И вновь Брат пробирался сквозь непроглядный мрак Подземных Палат ф'дора. Как он ни избегал шума, сапоги его гулко стучали по полированным обсидиановым полам.
Зал был так велик, что даже если бы в помещении горели светильники, Брат все равно не смог бы разглядеть темные гладкие стены из вулканического стекла, испещренные диковинными узорами. Черное пламя горело над жаровнями. Во всем огромном, похожем на пещеру зале было освещено одно-единственное место — круглый участок в центре, куда и направлялся дракианин.
Внутри круга стоял мужчина в пурпурном одеянии. Когда-то он был человеком, но теперь в его теле поселился демон, слившийся с человеком в единое целое.

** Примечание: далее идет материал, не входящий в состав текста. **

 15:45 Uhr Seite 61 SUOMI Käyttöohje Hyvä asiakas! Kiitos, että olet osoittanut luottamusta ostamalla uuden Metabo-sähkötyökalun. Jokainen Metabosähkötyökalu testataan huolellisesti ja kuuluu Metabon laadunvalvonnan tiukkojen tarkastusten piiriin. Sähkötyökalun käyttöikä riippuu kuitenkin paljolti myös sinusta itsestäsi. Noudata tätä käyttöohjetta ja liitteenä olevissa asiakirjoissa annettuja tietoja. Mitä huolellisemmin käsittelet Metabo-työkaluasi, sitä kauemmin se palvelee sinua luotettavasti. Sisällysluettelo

Брат сжал зубы, преодолевая инстинктивное отвращение к этому месту и существу, стоящему в круге. Кровь закипала в его жилах, когда он боролся с естественной реакцией на творящееся здесь насилие над природой. Его наследственная ненависть была рождена столетиями войн между дракианами и ф'дорами. Здесь, в этом месте, которое враги его народа сделали своим домом, она поднималась из самых глубин души и делалась почти нестерпимой.

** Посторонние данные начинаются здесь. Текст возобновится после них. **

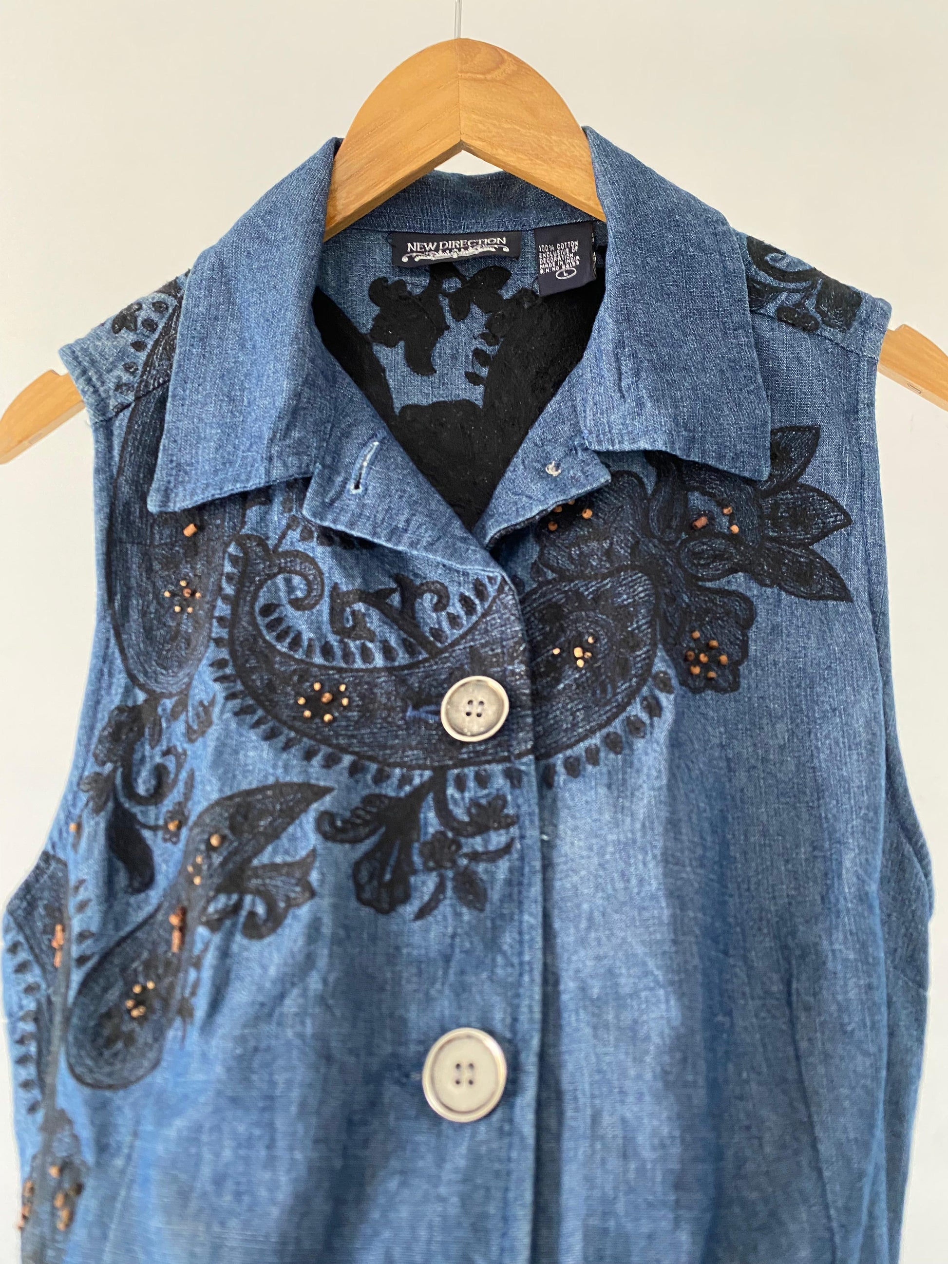 Channel effortless retro energy with this vintage denim vest featuring intricate black velvet paisley embroidery and delicate beaded accents. The structured silhouette and bold detailing make it the perfect layering piece to elevate your basics or add edge to feminine fits.

Сущности обеих ветвей его родословной — чувственное восприятие мира, унаследованное со стороны матери-дракианки, и любовь к земле, полученная от неизвестного отца-болга, — восставали против осквернения священного храма. Но самое сильное отвращение Брат испытывал к демону, оседлавшему человеческое тело, стоящее перед ним. Повелителю Тысячи Глаз. Ф'дору. Тсолтану. Его, Брата, господину.
Когда Брат вошел в круг света, послышался тихий голос — сладкий, словно мед:
— У меня есть для тебя работа.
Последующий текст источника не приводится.